Last month, OpenAI launched its latest AI-powered chatbot product, GPT-4. According to the folks at OpenAI, the bot, which uses machine learning to generate natural language text, passed the bar test with a score of 90.y percentile, have passed 13 of 15 AP tests and had a near-perfect score on the GRE verbal test.
The inquiry wanted the brains at BYU and 186 other universities to know how OpenAI technology would fare on accounting exams. So, they put the original version, ChatGPT, to the test. Researchers say that while it still has a lot to do in accounting, it will change the way we teach and the way everyone learns — for the better.
“When this technology first came out, everyone was worried that students could now use it to cheat,” said lead study author David Wood, a professor of accounting at Brigham Young University. “But the opportunities for cheating have always been there. So for us, we’re trying to focus on what we can do with this technology now that we couldn’t do before to improve the teaching process for faculty and the learning process for students. The testing has been amazing.”

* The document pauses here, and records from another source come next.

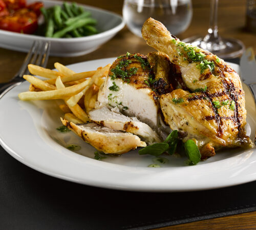 All served with a choice of french fries, chunky chips, mashed potatoes or grilled vegetables.
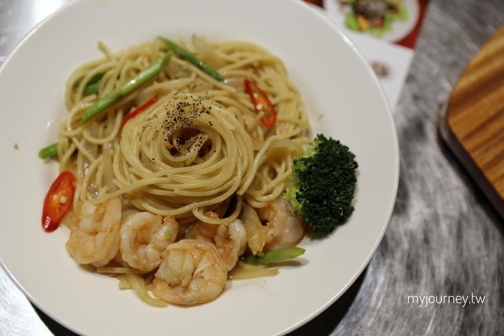 餐點方面,義大利麵價格在天母商圈屬相當親民。菜單分為清炒系與濃醬系,口味選擇多元,另不定期推出季節限定餐點。清炒系主打清爽風味,如醬油雞丁義大利麵、蘆筍蝦仁義大利麵,調味不重,保留食材原味;濃醬系則有番茄肉醬、鮭魚白醬等選擇,醬香濃郁但不膩口,適合喜愛厚實口感的消費者。
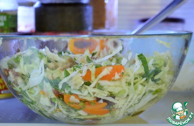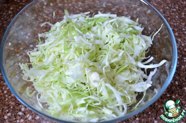 Капусту нашинковать мелко, добавить щепотку соли и сахар, слегка перетереть руками.
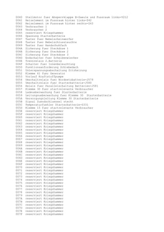 Das Dokument enthält eine umfangreiche Liste von Steuergeräten, Motorkomponenten, Sensoren und deren Funktionen sowie elektrische Schaltungen in einem Fahrzeug. Es werden spezifische Identifikatoren für verschiedene Teile, wie z.B. Stellmotoren, Temperaturfühler und Schalter, aufgeführt. Viele Einträge sind als reserviert markiert, was auf noch nicht definierte oder zukünftige Komponenten hinweisen könnte.
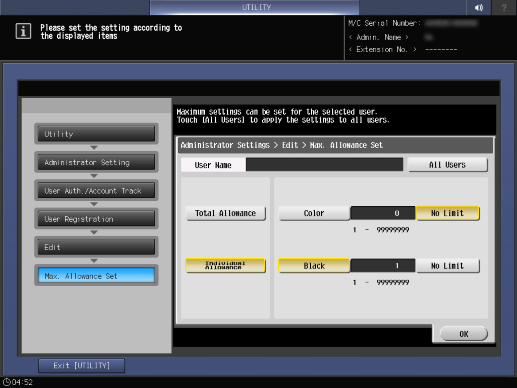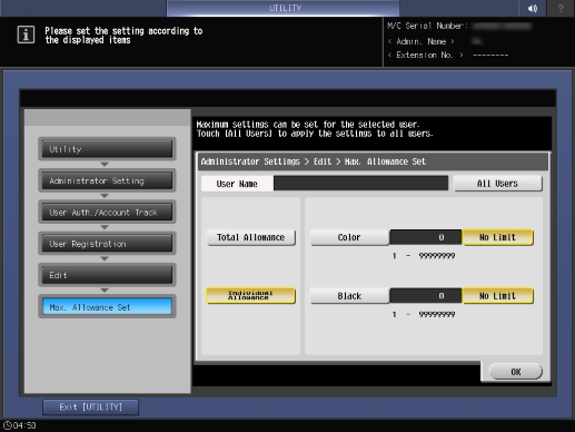 Screen access | Control panel - Utility/Counter - [Administrator Setting] - [User Auth./Account Track] - [User Authentication Settings] - [User Registration] - [Edit] - [Max. Allowance Set] | ||
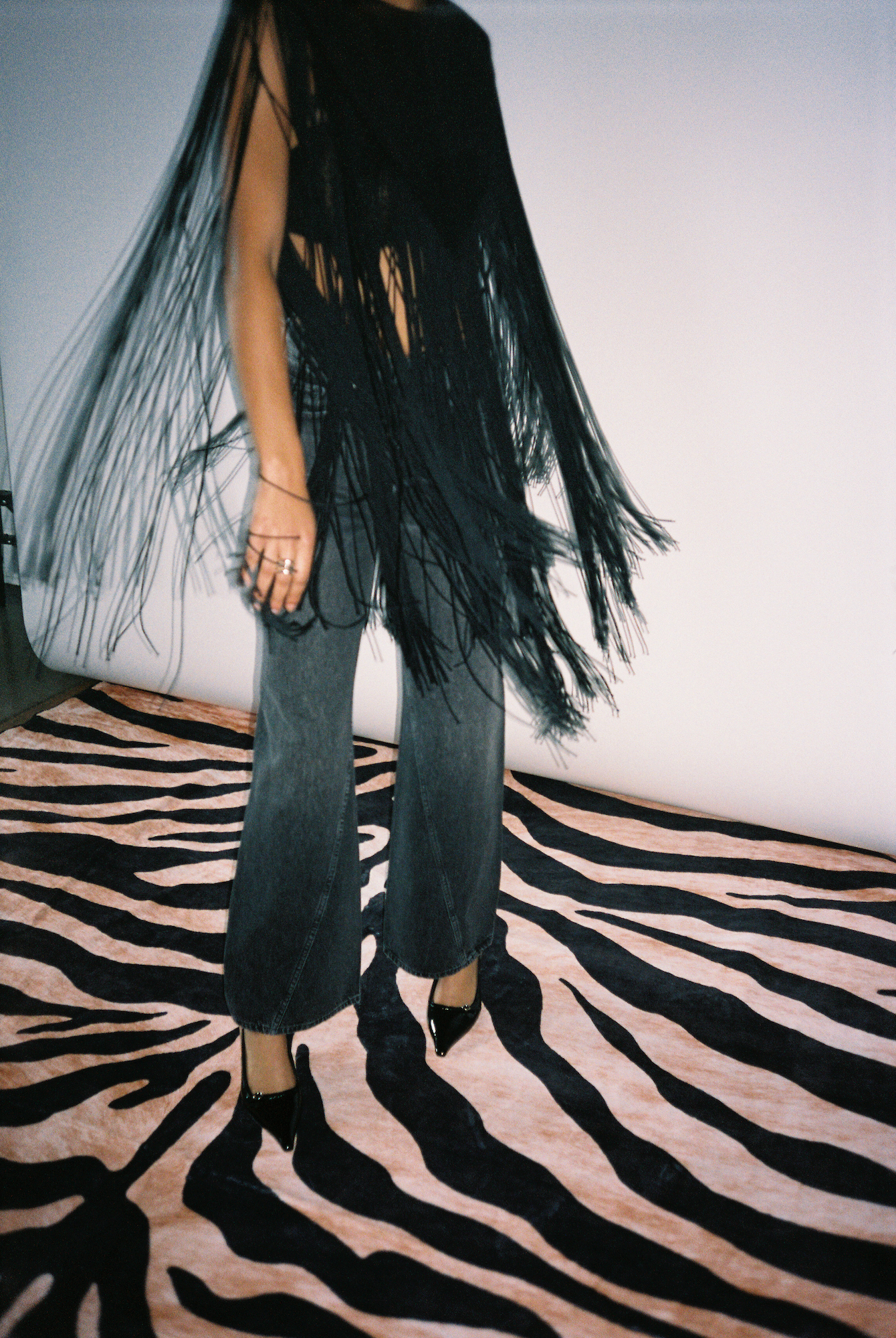 A cape that defines Creative Pragmatism. Cut from sustainably produced 4 ply silk, this piece features asymmetrical fringe detailing and a back zipper closure. Equal parts bold and pragmatic, it is the solution for last minute event dressing. Slip it over the Recycled Tropical Wool Corset Trouser to move seamlessly from desk to dinner to party.

Since its debut in November 2022, ChatGPT has become the fastest growing technology platform ever, reaching 100 million users in less than two months. In response to the intense debate about how models like ChatGPT affect education, Wood decided to recruit as many professors as possible to see how the AI fared against actual undergraduate accounting students.
The idea to recruit his co-author exploded on social media: 327 co-authors from 186 educational institutions in 14 countries took part in the research, contributing 25,181 questions to a semester accounting test. They also recruited undergraduates at BYU (including Wood’s daughter, Jessica) to feed another 2,268 questions from the textbook test bank to ChatGPT. The questions covered Accounting Information Systems (AIS), auditing, financial accounting, management accounting and taxation, and varied in difficulty and type (true/false, multiple choice, short answer, etc.).
Although ChatGPT’s performance was impressive, students fared better. Students scored an overall average of 76.7%, compared to ChatGPT’s score of 47.4%. On 11.3% of the questions, ChatGPT scored above the average student, and performed particularly well on AIS and auditing. But the AI bot performed worse in tax, financial, and administrative assessments, perhaps because ChatGPT struggled with the calculations required for the latter type.
When it came to question type, ChatGPT did better on true/false questions (68.7% correct) and multiple choice questions (59.5%), but struggled with short-answer questions (between 28.7% and 39.1%). In general, it was difficult for ChatGPT to answer higher-ranking questions. In fact, ChatGPT may sometimes provide authoritative written descriptions of incorrect answers, or answer the same question in different ways.
“It’s not perfect; you wouldn’t use it for everything,” said Jessica Wood, who is currently a student at BYU. “Trying to learn just using ChatGPT is a tricky undertaking.”
The researchers also uncovered some other fascinating trends through the study, including:
- ChatGPT doesn’t always recognize when it’s doing the math and makes irrational errors like adding two numbers in a subtraction problem or dividing numbers incorrectly.
- ChatGPT often provides explanations for its answers, even if they are incorrect. Other times, ChatGPT’s descriptions are accurate, but will then proceed to select the wrong multiple choice answer.
- Sometimes ChatGPT makes up the facts. For example, when providing a reference, it creates a completely fabricated real reference. The work and sometimes the authors are not present.
However, the authors fully expect GPT-4 to improve significantly on the accounting questions posed in their study, and the issues mentioned above. What they find most promising is how a chatbot can help improve teaching and learning, including the ability to design and test assignments, or perhaps be used to craft parts of a project.
“It’s an opportunity to think about whether or not we’re teaching value-added information,” said study co-author and fellow BYU accounting professor Melissa Larson. “This is a disruption, and we need to assess where we go from here. Of course, I’ll still get TAs, but that will force us to use them in different ways.”